Journey With a Lighter Heart

She was better than I dared hope, and her surprised reaction, her face breaking into a delighted smile when she saw me, was worth millions. I had brought three bottles of her favourite fruit juice, M&S’ Kale and Mango. It looks like water from a particularly scummy pond, but tastes like heaven.


By the time I left, shortly after four this afternoon, there was very little of the 750ml left in the first bottle. If you can drink a bottle a day I said, and she refrained from telling me I was being bossy, it should keep you hydrated and ward off UTIs. They are the things we have to watch out for, they’ll make you fall. And you feel dreadful, she added, showing me that what I told her was nothing she didn’t know already.


It was extremely difficult to broach the carer conversation. But about an hour before I left I managed it. I had been speaking to one of the community nursing team, repeating my fear that Aunt will develop pressure sores on her heels. She raised the subject of carers. I explained how Aunt and I had both been less than impressed by some of Mother’s carers. I gave examples. The nurse tutted and said she saw what I meant.

Anyway, I don’t need carers, said Aunt. Back to square one. Except this time I talked about her having carers to support Linda, carers who Linda could supervise in the first instance, so that they know where the boundaries are. Linda spends much of the time when she is not with Aunt worrying about her. It’s stressful to put it mildly. I reminded Aunt how she had spent all her time worrying about Mother when she was her primary carer, the toll it had taken on her. Aunt nodded and looked thoughtful. By having carers she could ease some of those anxieties for Linda.


We’ll see.


And I found the essential oil diffuser, so we spent the afternoon in a scented cloud of lavender. Another treasure was the electronic photo frame I gave her years ago. I had assumed it was broken, but when I plugged it in we saw pictures of Uncle Bill’s grandchildren, Aunt’s great nieces and nephews. A bit more rummaging and I found a whole collection of USBs Uncle Bill had sent her. I may have to put some of MasterB on a USB as well. She has lots of him on her tablet, but I shouldn’t like him to be eclipsed. Last night I missed the weight of him on my feet, which is where he likes to sleep, but he’ll have been happier at home, and anyway pets aren’t allowed on the coach.


It was definitely a journey worth making, and now i have discovered the joys of coach travel, it’s an option I may well choose again, though I am wondering if I could get the train to Cambridge and then pick up the coach from there. I might even be able to read my book instead of carrying it back and forth with only a few pages read before bed.


12 thoughts on “Journey With a Lighter Heart

  1. Excellent news. A very clever way of convincing her about the carers – that it will take pressure off Linda. That is the way forward, I’m sure. And it will relieve Linda (if they are half decent). Reassuring too that the nurse seemed to know what you meant, and disapprove when you mentioned the un-carers your mother had.
    So glad the trip went well, Isobel. Hope you slept ok in your re-organised room, too.
    Master B will be as overjoyed to see you as Aunt was!

    • If they aren’t half decent – and we aren’t yet at the point where she will accept them – we are stuffed.

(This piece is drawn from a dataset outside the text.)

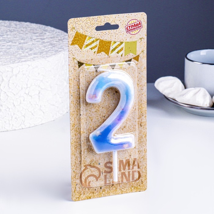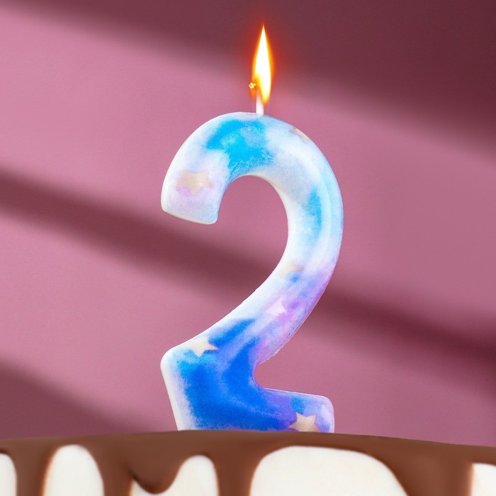 Свеча в торт на шпажке "Звездопад", цифра 2, 9 см, ГИГАНТ

      I spoke again to the specialist nurse who was pleased to hear aunt was so well, and more than slightly stunned that I had been sent out to buy wafer thin ham. I get the impression that although she is a headache because she won’t accept help and keeps shoving them away, they are all rather proud of her and her strong survival instinct. The SN said she was amazed Aunt had lasted so long. My next post, with pictures, will be She Ain’t Dead Yet.
      The taxi can stay at the rank!

  2. Yes, a lighter heart. Loved how you worked out/worked in the carer issue. Thinking about you and hope you are home with MasterB. I can see her smile… bet she was over the moon to see you.

    • She was flatteringly pleased. As was MasterB when I got home.
      Pray to all the gods at once about the carer issue. It’s going to be a delicate procedure…

      I may post a picture of her tonight.

      • I will pray to all the gods. CH and I are getting ready to go out to eat for our anniversary. I will look forward to seeing a picture when we return home if you decide to post a picture. xx

  3. Well done, Isobel, for handling the carer situation with subtlety and tact. Hope Aunt thinks seriously about it and takes some action. So nice that you had a lovely, positive visit and enjoyed the coach trip.

    • Well it had the advantage of being true. Aunt was so stressed the last months when Mother was living in her bungalow.Every time she heard an ambulance she thought it was because Mother had set off with her walking frame and been knocked down.

      Linda is now exhibiting physical symptoms of stress, so we need to do something. But by tomorrow, Aunt may have forgotten or completely changed her mind…

      I wish I hadn’t bothered to take a book. I took two, wrongly imagining that I would wile away the coach rides reading, but they were in darkness, so I posted blogs instead!